Can use in to check if a string is in another string

string="TREEBRANCH IS brown"

if "own" in string:
    print("own is in there")

if "tree" in string:
    print("tree is in there")
else:
    print("tree is not in there")

Check if a string starts with another

files = ["image001.jpg","IMG_981.JPG","fav.gif","news.txt"]
for filename in files:
    if filename.startswith("image"):
        print(filename,"stars with image")
    if filename.endswith("gif") or filename.lower().endswith(".jpg"):
        print(filename,"is an image type")

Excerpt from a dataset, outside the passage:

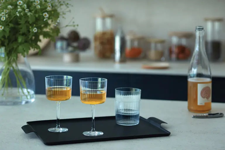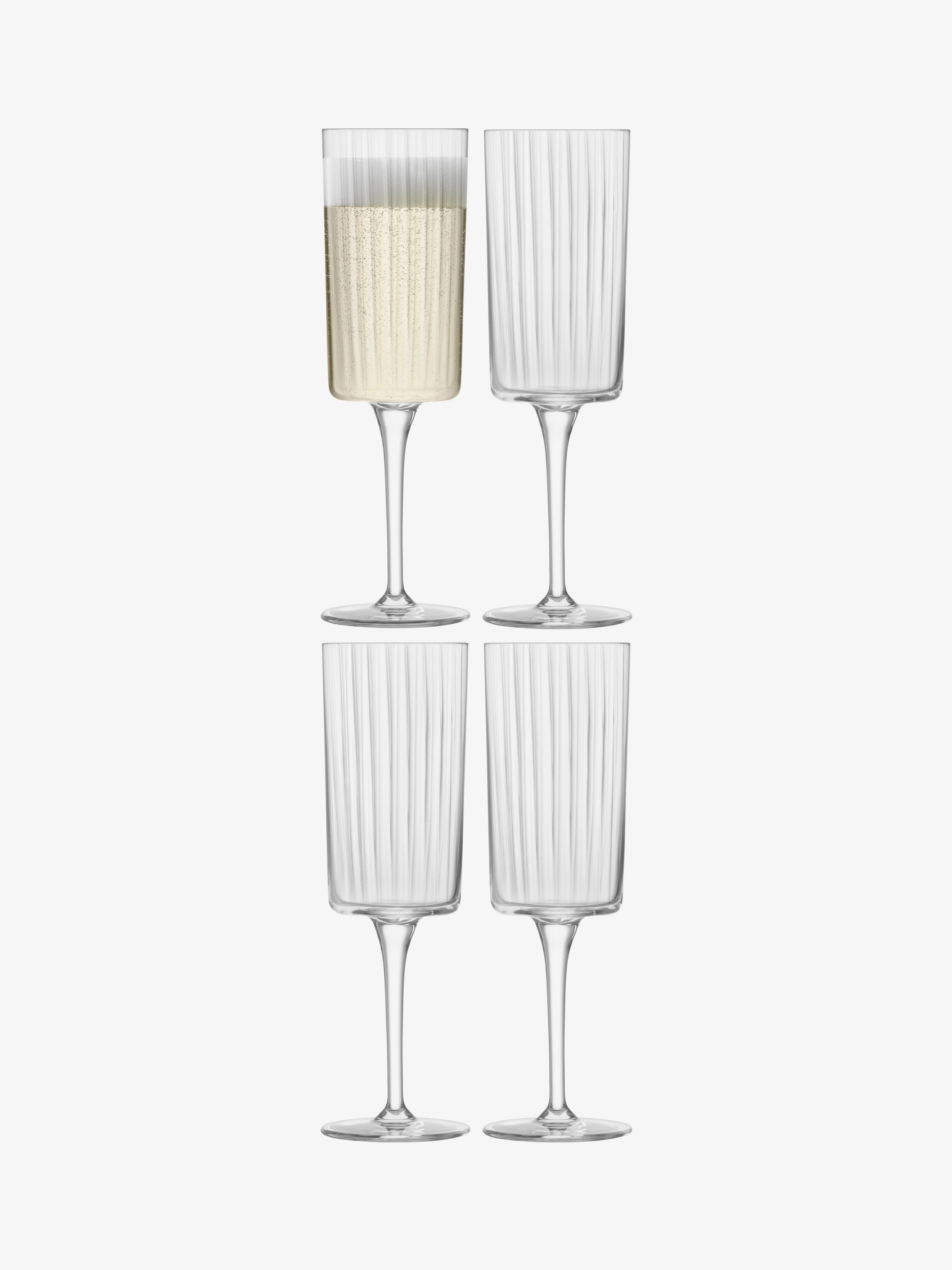 A set of four flutes with fine textured walls, a modern shape and casual stems. For serving champagne and prosecco.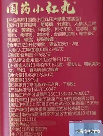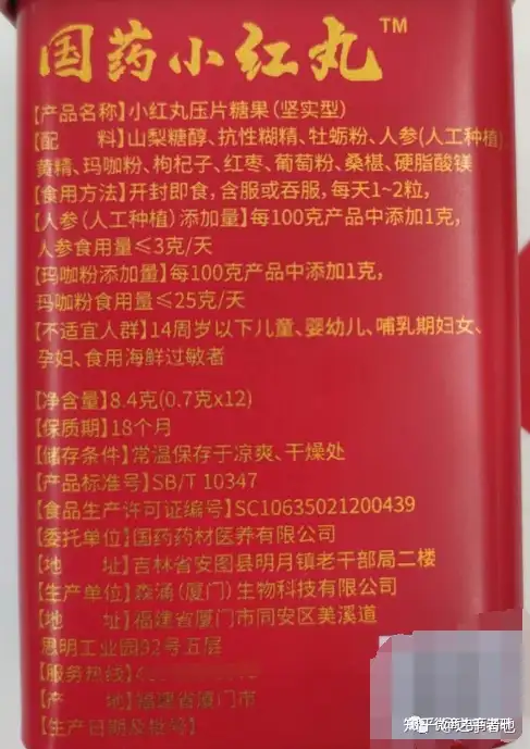 而事实上,该产品仅为普通食品,并非保健食品或药品。据产品外包装显示,该产品的全称为“小红丸压片糖果(坚实型)”,食品生产许可证编号为SC10635021200439,委托单位为国药药材医养有限公司,生产单位为森涌(厦门)生物科技有限公司。

Patterns and Regular Expressions

Sometime we want to match not a single equality but a pattern. Mostly this is used for text processing.

https://docs.python.org/3/library/re.html

Regular expressions (RE) are used to match a string. It is a test to see if a string matches a pattern.

Simple usage

import re
RESULT = re.search(PATTERN,QUERYSTRING)
if RESULT:
    # WE HAD A MATCH
else:
    # WE DID NOT HAVE A MATCH
import re
m = re.search("bow","elbow")
if m:
    print("matched bow")
else:
    print("did not match bow")

Regular expressions and matching

Matches pattern to string There are several components to the match.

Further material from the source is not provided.